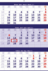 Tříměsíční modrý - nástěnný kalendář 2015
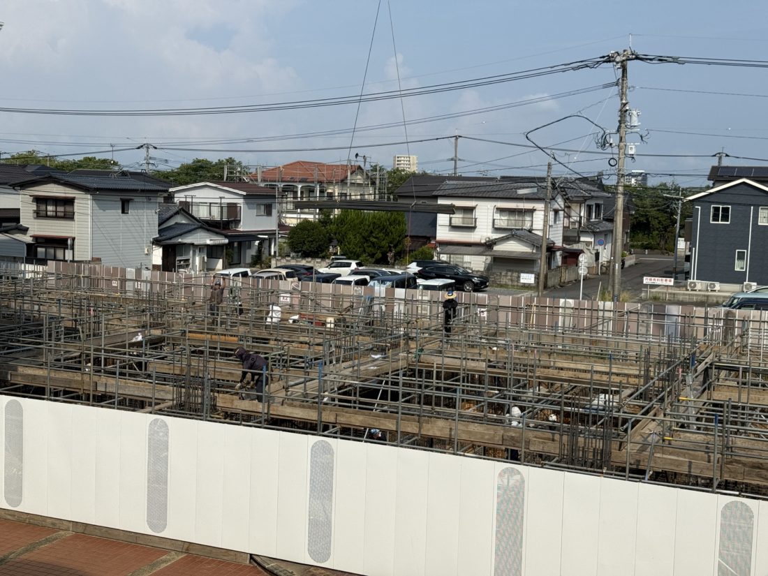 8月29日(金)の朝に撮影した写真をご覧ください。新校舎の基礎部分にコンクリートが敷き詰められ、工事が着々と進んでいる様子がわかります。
* * *
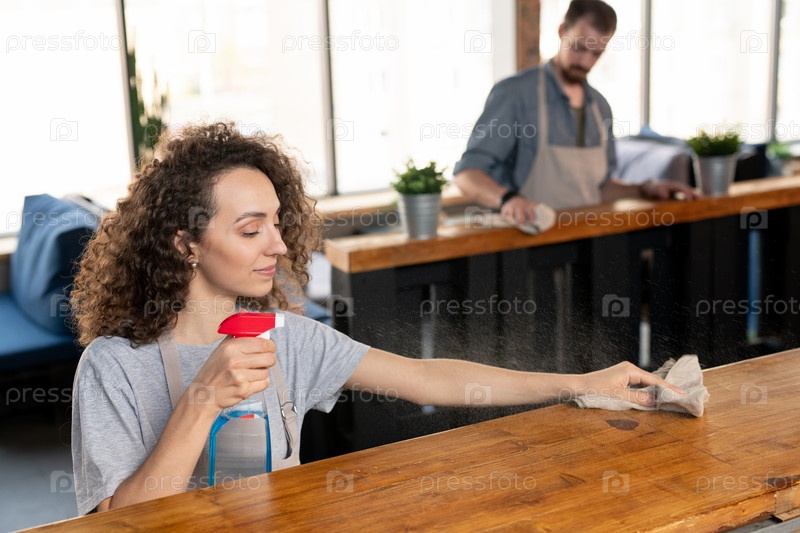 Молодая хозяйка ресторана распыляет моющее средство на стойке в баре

Problem requirements:
Transcribe only this stretch of the data: the line with "Tříměsíční modrý - nástěnný kalendář 2015", the line with "8月29日(金)の朝に撮影し", and every line in between. Leave out the pictures.

Response to this task:
 Tříměsíční modrý - nástěnný kalendář 2015
 8月29日(金)の朝に撮影した写真をご覧ください。新校舎の基礎部分にコンクリートが敷き詰められ、工事が着々と進んでいる様子がわかります。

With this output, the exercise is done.